WORK TO BE COMPLETED
The response must consist of the lines below from the one with "2025.8.5 「ステーキ重専門店 悠々」塩ダレ牛バラ重" through the one with "畝をストライプに見立てながら", exactly as they appear and with both ends kept.

AVAILABLE RECORDS
____
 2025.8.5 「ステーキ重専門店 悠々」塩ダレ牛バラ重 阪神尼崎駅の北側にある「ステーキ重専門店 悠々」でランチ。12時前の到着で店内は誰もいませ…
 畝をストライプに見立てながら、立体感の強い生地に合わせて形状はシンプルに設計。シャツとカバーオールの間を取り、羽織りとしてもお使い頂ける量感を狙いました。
____
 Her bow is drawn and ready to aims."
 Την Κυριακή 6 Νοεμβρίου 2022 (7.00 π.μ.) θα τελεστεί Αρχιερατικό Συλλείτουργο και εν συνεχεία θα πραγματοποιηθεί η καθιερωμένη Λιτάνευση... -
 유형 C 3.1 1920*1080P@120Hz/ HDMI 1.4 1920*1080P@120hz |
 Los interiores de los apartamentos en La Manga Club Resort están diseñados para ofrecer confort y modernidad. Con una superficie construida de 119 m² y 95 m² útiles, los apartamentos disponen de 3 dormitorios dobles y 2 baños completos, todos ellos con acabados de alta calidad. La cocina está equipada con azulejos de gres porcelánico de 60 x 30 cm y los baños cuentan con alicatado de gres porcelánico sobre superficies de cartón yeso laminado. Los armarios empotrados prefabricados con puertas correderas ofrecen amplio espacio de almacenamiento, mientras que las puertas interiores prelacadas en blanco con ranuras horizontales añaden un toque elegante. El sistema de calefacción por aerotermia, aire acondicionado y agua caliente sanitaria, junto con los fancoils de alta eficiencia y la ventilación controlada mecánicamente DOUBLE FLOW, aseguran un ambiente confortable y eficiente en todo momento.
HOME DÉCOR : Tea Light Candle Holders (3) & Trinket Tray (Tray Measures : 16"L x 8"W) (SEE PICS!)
____
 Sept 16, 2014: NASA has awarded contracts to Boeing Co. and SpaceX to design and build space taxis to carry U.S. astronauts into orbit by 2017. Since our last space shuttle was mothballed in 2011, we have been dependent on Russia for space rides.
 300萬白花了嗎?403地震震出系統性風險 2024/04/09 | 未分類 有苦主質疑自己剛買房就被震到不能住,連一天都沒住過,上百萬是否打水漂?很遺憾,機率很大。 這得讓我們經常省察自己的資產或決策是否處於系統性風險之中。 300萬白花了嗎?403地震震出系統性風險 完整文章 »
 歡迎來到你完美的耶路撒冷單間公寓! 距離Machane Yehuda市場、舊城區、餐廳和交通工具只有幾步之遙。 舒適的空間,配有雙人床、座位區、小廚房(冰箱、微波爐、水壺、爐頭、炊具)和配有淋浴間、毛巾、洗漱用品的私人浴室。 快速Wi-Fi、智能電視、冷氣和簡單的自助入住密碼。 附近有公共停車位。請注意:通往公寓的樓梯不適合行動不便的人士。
____
PROBLEM SOLUTION
 2025.8.5 「ステーキ重専門店 悠々」塩ダレ牛バラ重 阪神尼崎駅の北側にある「ステーキ重専門店 悠々」でランチ。12時前の到着で店内は誰もいませ…
 畝をストライプに見立てながら、立体感の強い生地に合わせて形状はシンプルに設計。シャツとカバーオールの間を取り、羽織りとしてもお使い頂ける量感を狙いました。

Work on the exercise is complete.